When deploying Hadoop in a production environment, IT organizations often struggle with building applications that run across a Hadoop cluster. To solve that problem, the developers at LinkedIn created Gradle, a set of workflow tools that make it easier to connect multiple Hadoop jobs within the context of an application.
This week, LinkedIn announced that it is turning Gradle into an open source project. Alex Bain, senior software engineer for LinkedIn, says that LinkedIn has a vested interest in making Gradle, a plug-in to Hadoop, a bigger part of a rapidly growing Hadoop ecosystem. For example, as the Apache Spark in-memory computing project continues to evolve, Bain says that LinkedIn would like to see open source contributions that extended the reach of Gradle to both Hadoop and Spark.
At the core of Gradle is a domain-specific language called Hadoop DSL, which LinkedIn created to make Hadoop more accessible to its developers who need to work with Hadoop workflow managers such as Azkaban and Apache Oozie. Hadoop DSL is written in Groovy, a language derivative of Java, which provides developers with a consistent method of invoking multiple application development frameworks running on top of Hadoop.

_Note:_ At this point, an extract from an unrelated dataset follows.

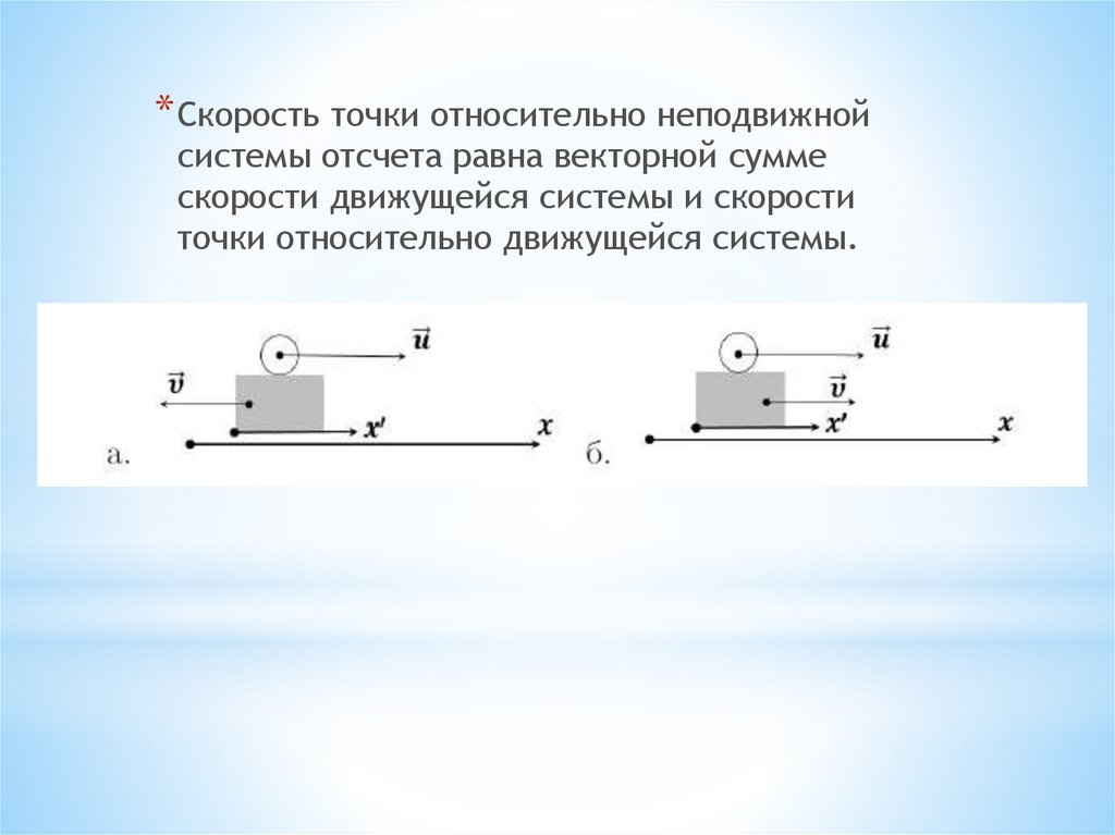 * Скорость точки относительно неподвижнойсистемы отсчета равна векторной сумме

Bain says LinkedIn relies heavily on Hadoop to surface data that’s relevant to its community in real time. LinkedIn can only do that, says Bain, because it found a way to unify all the Hadoop frameworks that developers need to invoke in order to create a production application.
LinkedIn, of course, is no stranger to the open source community. It has previously launched projects such as the Galene search engine, Pinot real-time analytics software, and Burrow monitoring tools for monitoring the Kafka messaging system, which is often deployed on top of Hadoop. In all four cases, IT organizations that choose make use of that software are relying on open source software that is core to how LinkedIn operates.

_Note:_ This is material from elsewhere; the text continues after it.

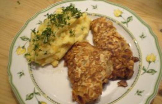 Zutaten für Personen Bild einstellen 800 g Kartoffeln 400 g Karotten 1 l Gemüsebrühe 4 Rotbarschfilet à ca. 150 g Salz, Pfeffer 4 EL Mehl 1 Ei Größe M etwas Sahne zum Kochen 60 g Mandelblättchen 2 EL Spei [...]
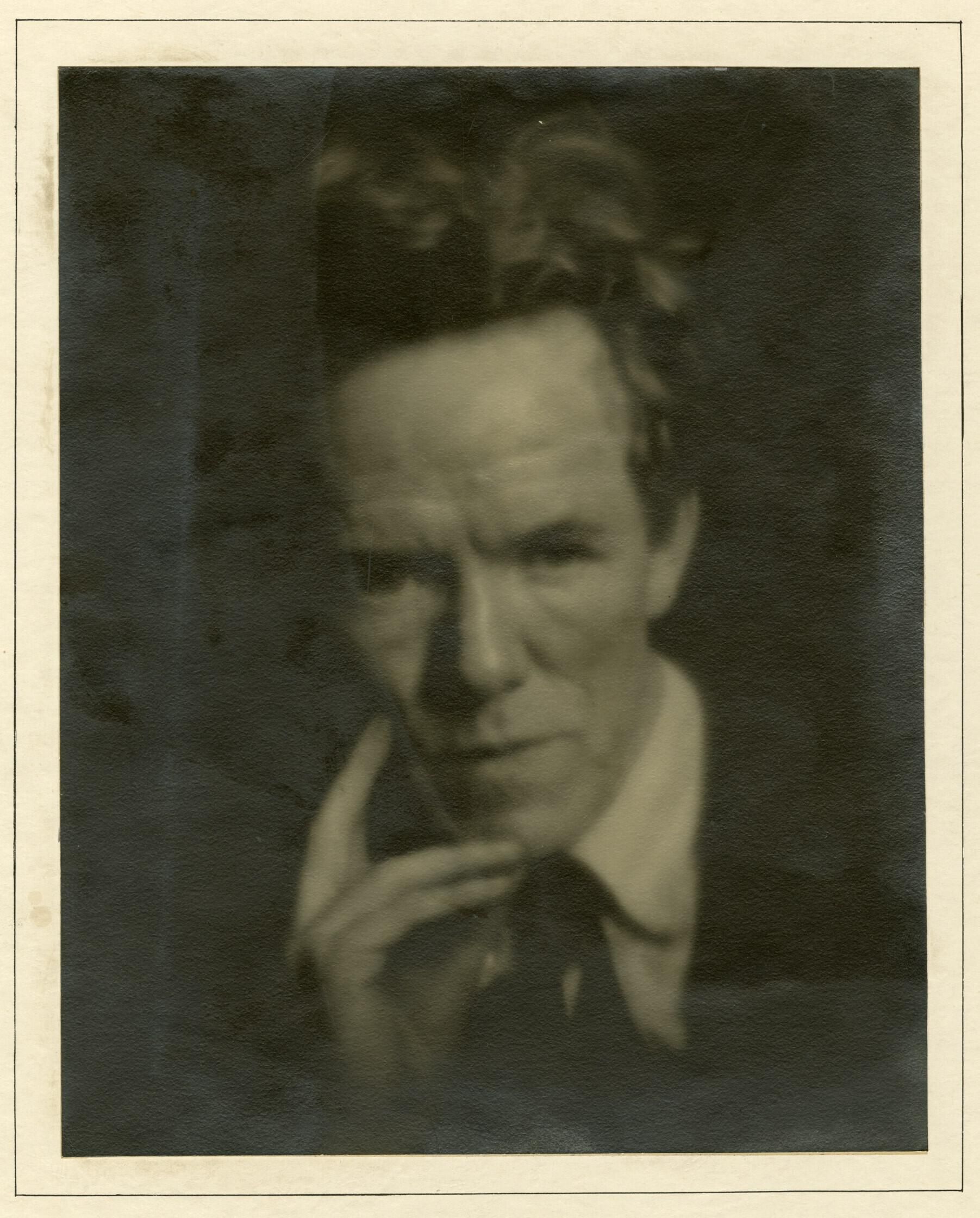 Portrait of Frederick Horsman Varley (1881-1969), Group of Seven and Official Canadian War Artist, 2015. Photographic reproduction from the undated b/w photograph by Harold Mortimer-Lamb, RPS (1872-1970). Royal B.C. Museum and Archives

When it comes to Hadoop, many IT organizations are understandably intimidated by the dizzying array of frameworks that can be used to build Big Data applications. Over time, IT organizations working with Hadoop are going to be working with multiple instances of those frameworks. In the case of Gradle, LinkedIn is providing a convenient place from which to get started building Hadoop applications, and also to ultimately master those frameworks.